WCF Implementation: Removing Duplicates
The final scenario I want to discuss, is that of redundant messages.
- In this case, the client sends M5. M5 is actually delivered to the service.
- However, while sending the acknowledgment back, the network goes down.
- So the client – having not received the acknowledgment – is tricked to think that M5 was not delivered. So it resends M5 again.
- The service receives M5 a second time. However, the service channel keeps track of all message sequence numbers inside its cache, and it finds out that M5 is a duplicate so it silently discards the message and sends back the ack to the client so that it stops retrying.
Bindings Session Support
<reliableSession> Binding Element
Sessions are enabled on bindings that support RM, by using the <reliableSession> binding element. This element has two attributes.
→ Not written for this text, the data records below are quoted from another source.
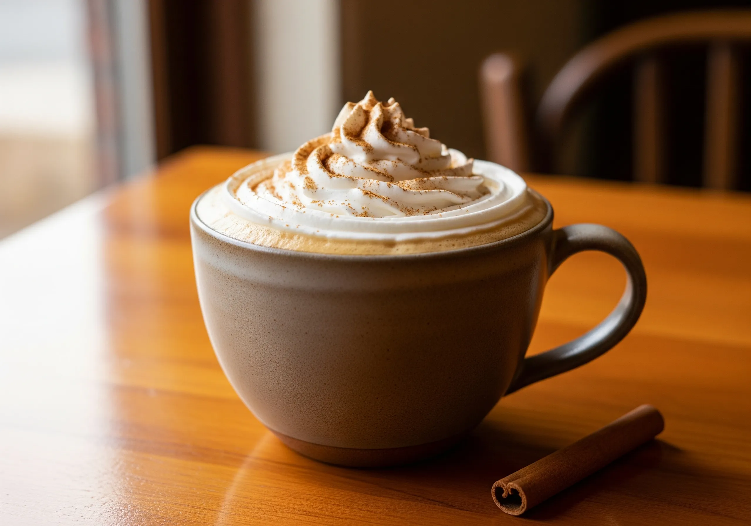 Espresso with pumpkin spice, steamed milk, and whipped cream (Fall).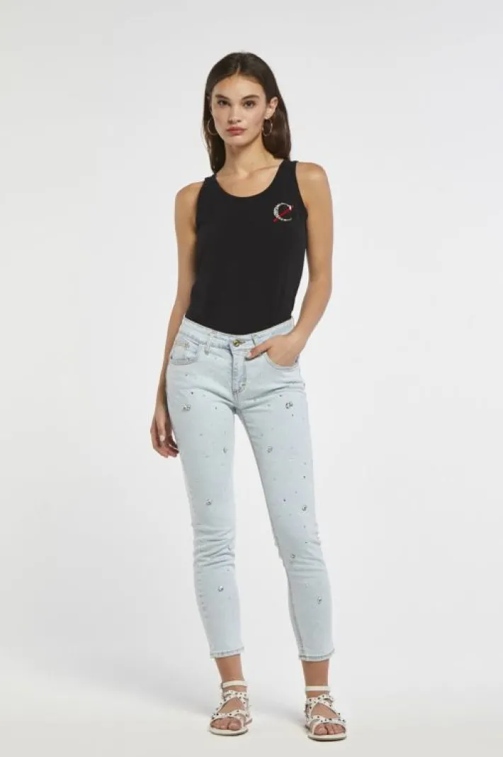 Jenas brigittte modello skinny in tela stretch elegante applicazione di strass alle gambe.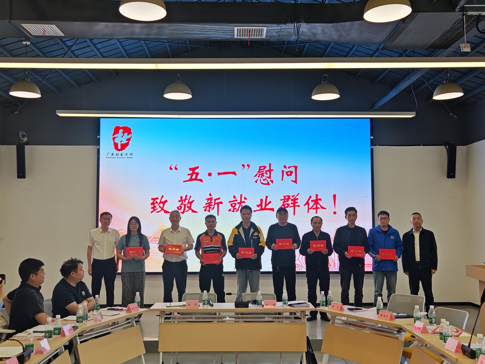 向参加活动的新就业群体代表送上“五一”节日慰问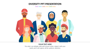 Diversity slide featuring a group of diverse people in various traditional and modern outfits with placeholder text below.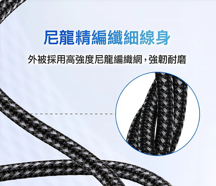 ◎ 尼龍編織外被,抗拉扯、抗磨耗 極為耐用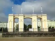 Вид на улицу Лядова через центральный вход в Парк «Крылья Советов»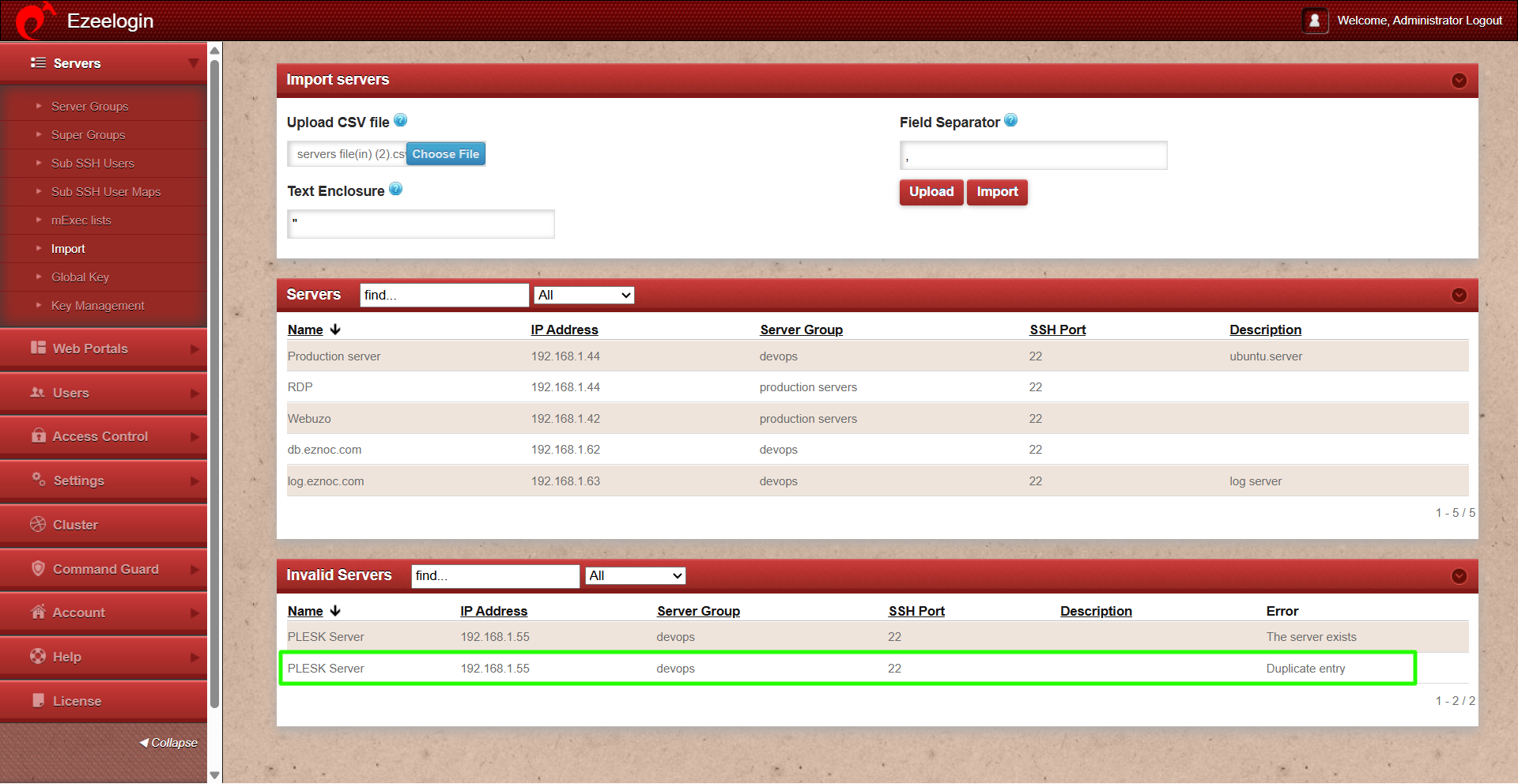 How to solve ’Server Already Exists’ and ’Duplicate Entry’ errors while importing servers?

- “enabled”, enables reliable message delivery
- While “ordered”, enables in-order processing by the service model
When defining a custom binding, you can set more properties for the <reliableSession> binding element:
For example, here I am setting the acknowledgementInterval, which is the maximum time interval the channel is going to wait to send an acknowledgment for messages received up to that point. And the maxRetryCount which specifies the maximum number of times a reliable channel attempts to retransmit a message it has not received an acknowledgment for…
Overall you can check all attributes that you can specify using this link:
Out of the Box Bindings
The out-of-the bindings, vary in their support to RM:
- It should come as no surprise, that BasicHttpBinding does not support RM
- WSHttpBinding is of course built to support all WS-* headers, so it supports RM as long as its enabled using the <reliableSession> binding element
- WSDualHttpBinding also supports RM, and it does so implicitly, because it relies on RM for callbacks. You saw this binding in action in the previous module
- NetTcpBinding also supports RM when its enabled. Recall though that this is not an interoperable binding.
- The NetNamedPipeBinding relies on windows support for reliable message delivery and reliable streams through named pipes. Therefore RM is not needed.
- Similarly, NetMsmqBinding does not need RM as it relies on reliability guarantees offered by MSMQ.